### COLLECTED DATA
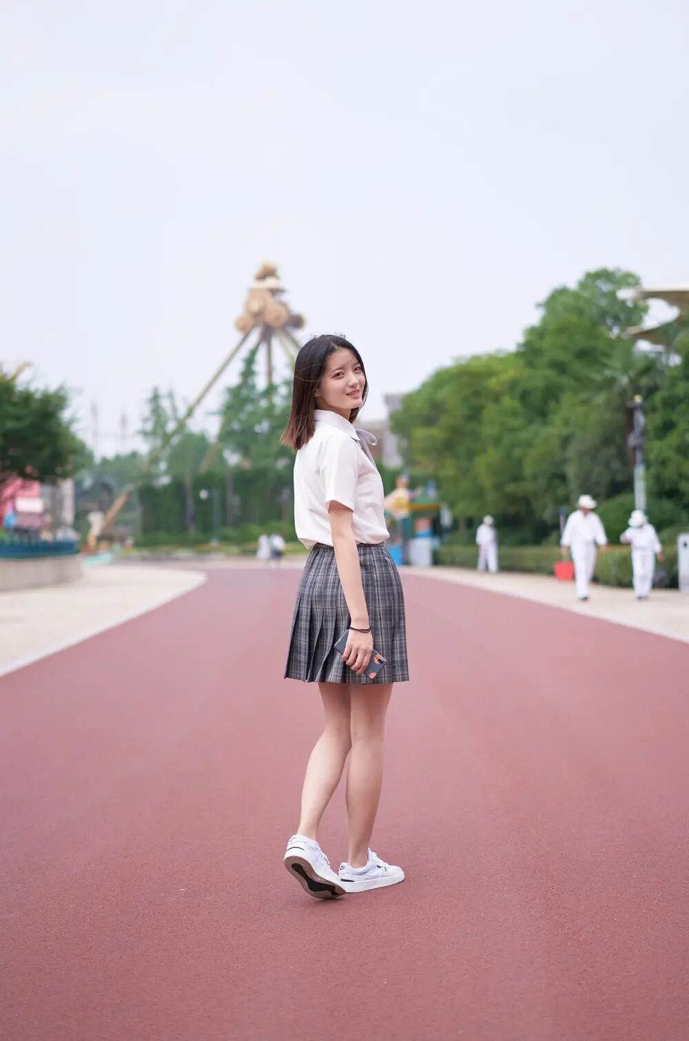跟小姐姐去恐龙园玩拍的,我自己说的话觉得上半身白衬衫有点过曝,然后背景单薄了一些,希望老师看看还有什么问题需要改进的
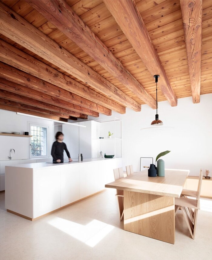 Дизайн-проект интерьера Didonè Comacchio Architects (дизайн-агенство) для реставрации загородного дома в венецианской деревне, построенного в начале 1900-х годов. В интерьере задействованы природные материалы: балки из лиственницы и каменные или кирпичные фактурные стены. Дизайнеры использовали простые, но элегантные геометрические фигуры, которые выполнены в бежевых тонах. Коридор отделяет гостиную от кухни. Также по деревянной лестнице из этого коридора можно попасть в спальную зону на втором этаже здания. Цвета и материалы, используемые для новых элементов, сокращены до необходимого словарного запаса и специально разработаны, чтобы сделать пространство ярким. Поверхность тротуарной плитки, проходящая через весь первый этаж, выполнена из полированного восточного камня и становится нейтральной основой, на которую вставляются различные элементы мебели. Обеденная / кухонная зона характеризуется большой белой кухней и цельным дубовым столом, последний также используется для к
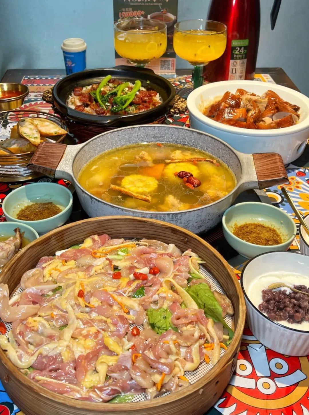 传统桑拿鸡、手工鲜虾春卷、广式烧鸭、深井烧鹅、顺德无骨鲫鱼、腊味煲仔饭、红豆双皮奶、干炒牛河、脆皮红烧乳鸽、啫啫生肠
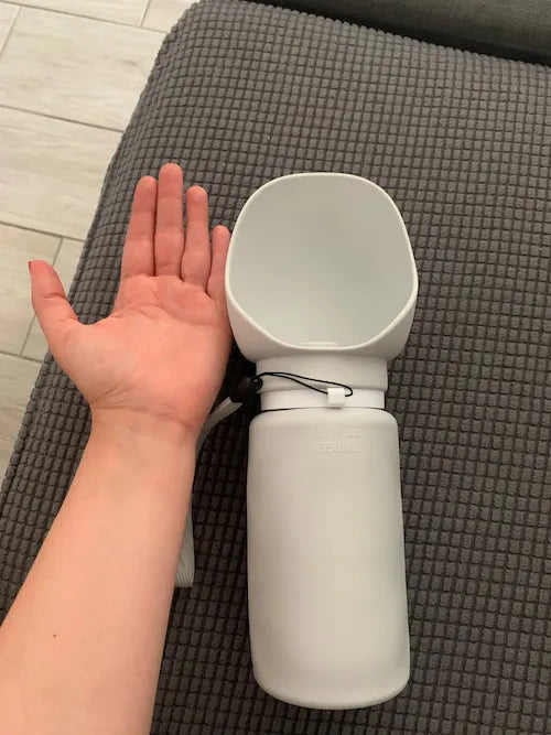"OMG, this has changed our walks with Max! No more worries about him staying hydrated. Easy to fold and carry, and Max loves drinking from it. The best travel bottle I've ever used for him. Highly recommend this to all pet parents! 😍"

### EXERCISE
The expected answer is the data retyped exactly, without pictures.

### RESPONSE FOR THIS EXERCISE
跟小姐姐去恐龙园玩拍的,我自己说的话觉得上半身白衬衫有点过曝,然后背景单薄了一些,希望老师看看还有什么问题需要改进的
 Дизайн-проект интерьера Didonè Comacchio Architects (дизайн-агенство) для реставрации загородного дома в венецианской деревне, построенного в начале 1900-х годов. В интерьере задействованы природные материалы: балки из лиственницы и каменные или кирпичные фактурные стены. Дизайнеры использовали простые, но элегантные геометрические фигуры, которые выполнены в бежевых тонах. Коридор отделяет гостиную от кухни. Также по деревянной лестнице из этого коридора можно попасть в спальную зону на втором этаже здания. Цвета и материалы, используемые для новых элементов, сокращены до необходимого словарного запаса и специально разработаны, чтобы сделать пространство ярким. Поверхность тротуарной плитки, проходящая через весь первый этаж, выполнена из полированного восточного камня и становится нейтральной основой, на которую вставляются различные элементы мебели. Обеденная / кухонная зона характеризуется большой белой кухней и цельным дубовым столом, последний также используется для к
 传统桑拿鸡、手工鲜虾春卷、广式烧鸭、深井烧鹅、顺德无骨鲫鱼、腊味煲仔饭、红豆双皮奶、干炒牛河、脆皮红烧乳鸽、啫啫生肠
"OMG, this has changed our walks with Max! No more worries about him staying hydrated. Easy to fold and carry, and Max loves drinking from it. The best travel bottle I've ever used for him. Highly recommend this to all pet parents! 😍"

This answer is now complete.